I read a lot of bourbon and whiskey books. I’ve even created a list of some of my favorite books here. Every now and then a book comes along that is a must read. Bourbon Empire is a must read for every bourbon enthusiast. It gives the history of bourbon through storytelling. Bourbon Empire (affiliate link. Here is a non-affiliate link) skips over the glossy aspects of marketing lingo and gets straight to real information. Whether that’s NDP’s, craft distilleries or hyper-aging Bourbon Empire addresses each issue with facts instead of facades.
There were multiple times reading (actually, listening via audible) that I would think “exactly!” because the books straight forward approach to whiskey marketing. After reading the book I reached out to the author, Reid Mitenbuler, for an interview on Bourbonr. Our phone call ended up lasting over an hour. Reid’s insights into the bourbon world today are just as interesting as the book.
The book talks a lot about bourbon cycles. Which cycles do you see bourbon repeating?
I think it’s useful to remember that there will always be booms and busts, just like any industry. Bourbon’s like fashion that way — hemlines go up, then they go down, different looks cycling in and out of popularity. Bourbon lost it’s popularity in the 70’s as vodka took the spotlight. Now, bourbon is back. With that being said, America has long been a whiskey drinking country, so I wonder if its massive drop in popularity several decades ago was a little anomalous.
How do you feel about the recent drop of age statements by some brands?

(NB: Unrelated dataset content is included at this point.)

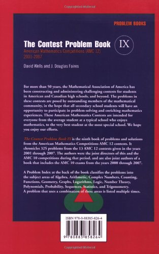 For over fifty years, the Mathematical Association of America (MAA) has been engaged in the construction and administration of challenging contests for students in American and Canadian high schools at every level of ability. This is the ninth book of problems and solutions from the American Mathematics Competitions 12 (AMC), aimed at students of high school age, and featuring 325 problems from the 13 AMC contests held in the years 2001-2007. Graphs and figures have since been redrawn to make them more consistent in form and style, and the solutions to the problems have been both edited and supplemented. The Problem Index contained classifies the problems into the following major subject areas: Algebra and Arithmetic, Sequences and Series, Triangle Geometry, Circle Geometry, Quadrilateral Geometry, Polygon Geometry, Counting Coordinate Geometry, Solid Geometry, Discrete Probability, Statistics, Number Theory, and Logic. These are then broken down into subcategories and cross-referenced for ease of use.

I understand that older isn’t necessarily better, that some whiskies age differently than others, and that some consumers sometimes obsess about age too much, but I disagree with the current trend of denying customers information. Bourbon’s revival has been driven partly by that kind of foodie-ism where people want to know about products they consume. So, I’d prefer to see companies give more information, not less, even if it means listing a lower age statement when they want to move their supply faster — but I’m not sure that will ever happen, for obvious and understandable marketing reasons. Still, it’s an ideal. As for age, I like to compare aging bourbon with cooking meat. You don’t want it charred, too woody so to speak, but you also don’t want it raw, under say four or five years old. And of course there are always exceptions.
What was your favorite story from the book?

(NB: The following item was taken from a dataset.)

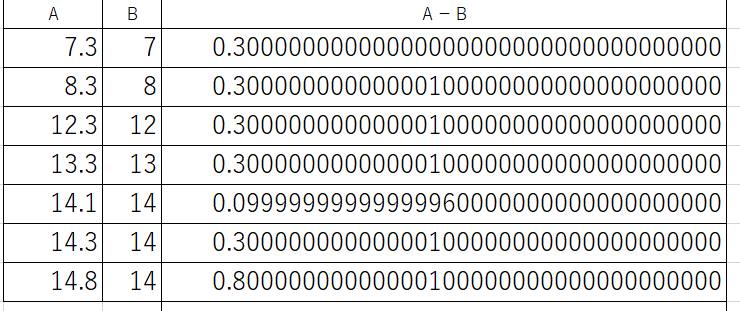Excelのセル計算で 7.3 – 7 = 0.3 であるが

Lewis Rosentiel of Schenley is a story that sticks out to me. The way the Big four lobbied and the fact that it was New York businessmen who, in a very unromantic way, had such an influence over the whiskey industry, is a story that isn’t usually told. There were connections to organized crime and all kinds of juicy stuff. He lobbied to increase the bonding period from 8 to 20 years and was a driving force behind the 1964 resolution to have Congress declare it a unique American product.

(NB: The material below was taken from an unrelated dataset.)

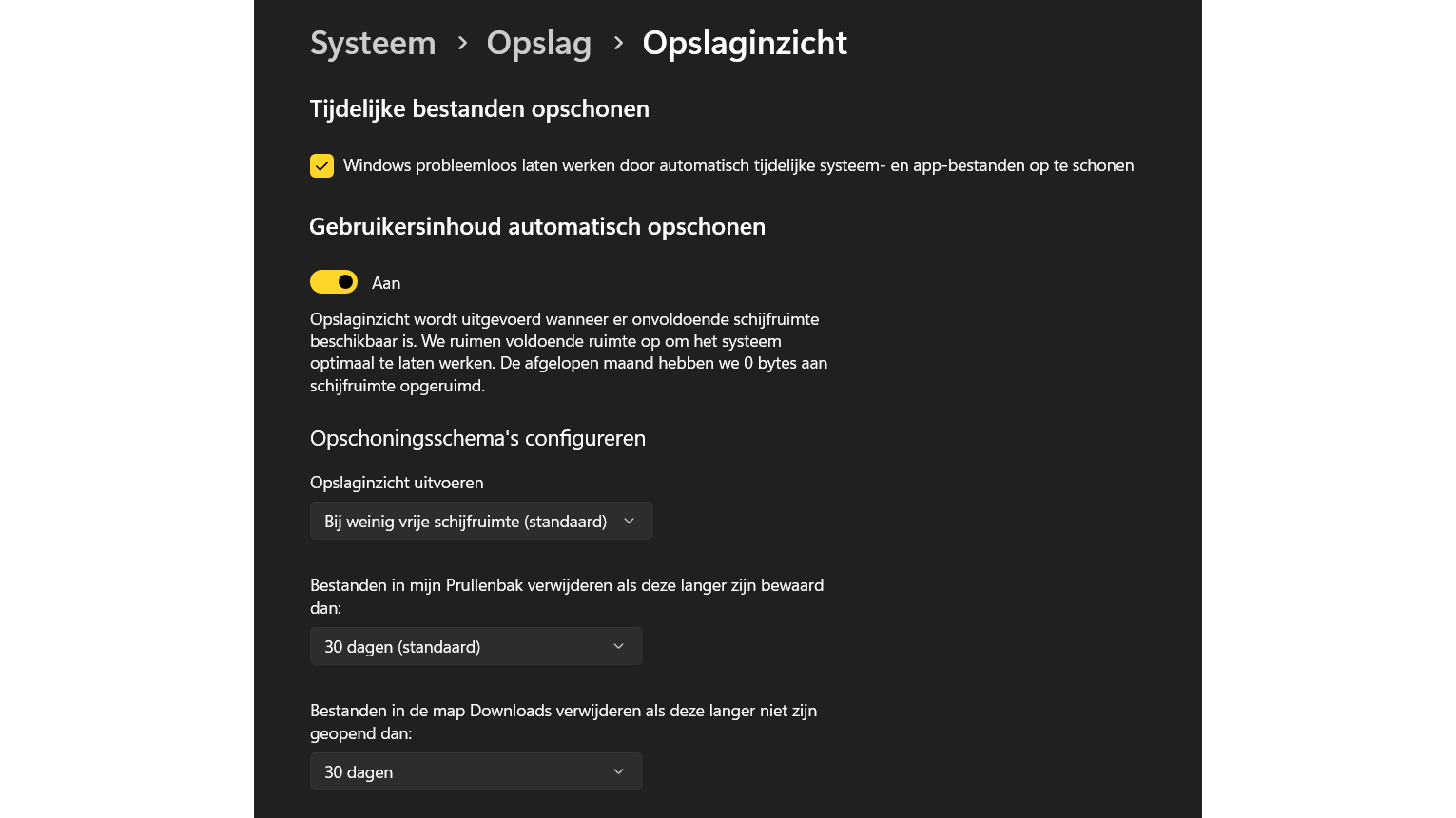 Met Opslaginzicht zal Windows automatisch overtollige bestanden opschonen.

Where does the process of a book like this begin?
I’ve been into bourbon and whiskey for a long time and about a decade ago began researching heavily into a lot of the stories that are in the book, on the side. I spent about a year full-time on it, during the writing. But I’m a slow writer.
Where do you see bourbon moving to in the next decade?
I’m looking forward to more craft producers getting their sea legs. They’ll help reinstate the kind of variety that was lost from American whiskey during 200 years of consolidation. I also look forward to more people learning and becoming geeks. It’ll be awesome when, decades from now, whiskey connoisseurship has evolved to the point where we can look back and chuckle at the folly of small barrels and shenanigans like that, truly understanding where the fault lines are between truly great whiskey and half-ass whiskey. That’s the dream, anyway.
With that said, I think people should be intellectually open about new technologies and ideas that are genuinely innovative and viable. I mean, it would be awesome if someone could make “15-year-old whiskey” in just 3 months, using science to figure it out. Of course, that has happened yet, despite the attempts by some to do it. But I like the idea of being open minded about new things while respecting traditions that have become tradition for good reason.